The meme began when Redditor I_Love_Lamp uploaded the photo below of a zorilla, a member of the weasel family that looks like a cross between a skunk and the cat that Pepe Le Pew chased after, to /r/pics with the headline "April Fool's Day? Meh."

Indifferent Zorilla

Despite the combination of odd-but-cute animal and the internet's preferred three letter declaration of indifference, the meme failed to take off. Subsequent memes which displayed the zorilla's lack of interest in the season finale of 'The Walking Dead' and the news that Rihanna and Chris Brown were back together only scored a handful of upvotes.

"Technically, that was the last animal that the internet had yet to discover," said Stephen Romano, a social researcher at Hofstra University. "The Web has pretty much exhausted every phylum, class and kingdom in the mammalian species."

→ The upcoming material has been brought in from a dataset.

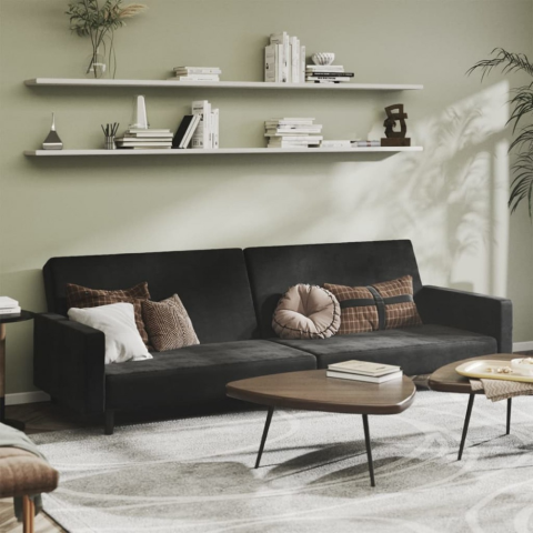 Kétszemélyes fekete bársony kanapéágy bútor 1 kép

Other experts in the area of animal-based internet distractions concur that the constant search for "the next cat" has led to a drain on worldwide supplies of animal photos.

"It's pretty grim out there," said Buzzfeed Animals editor Cristin Lee. "We tried a '10 Zorillas That Look Like Rugrats Characters' gallery and it only got 8,000 shares on Facebook. It's safe to say the internet is over furry creatures taking on human characteristics."

"There were concerns everyone was pushing it with the whole sloth thing," said Chris Mancini, author of the bestselling book 'LOL Pets: The Rise and Fall of Those Quickie Animal Books They Sell at Urban Outfitters.' "Now it looks like the zorilla was the adorable straw that broke the camel's back. Speaking of, has anyone done a Tumblr of photos of camels mid-spit? That would be hilarious."

Now that the internet is over its cute animal obsession, we can all get back to what the global system of interconnected networks was built for in the first place: playing computer chess over a modem with our pen pal in the Ukraine.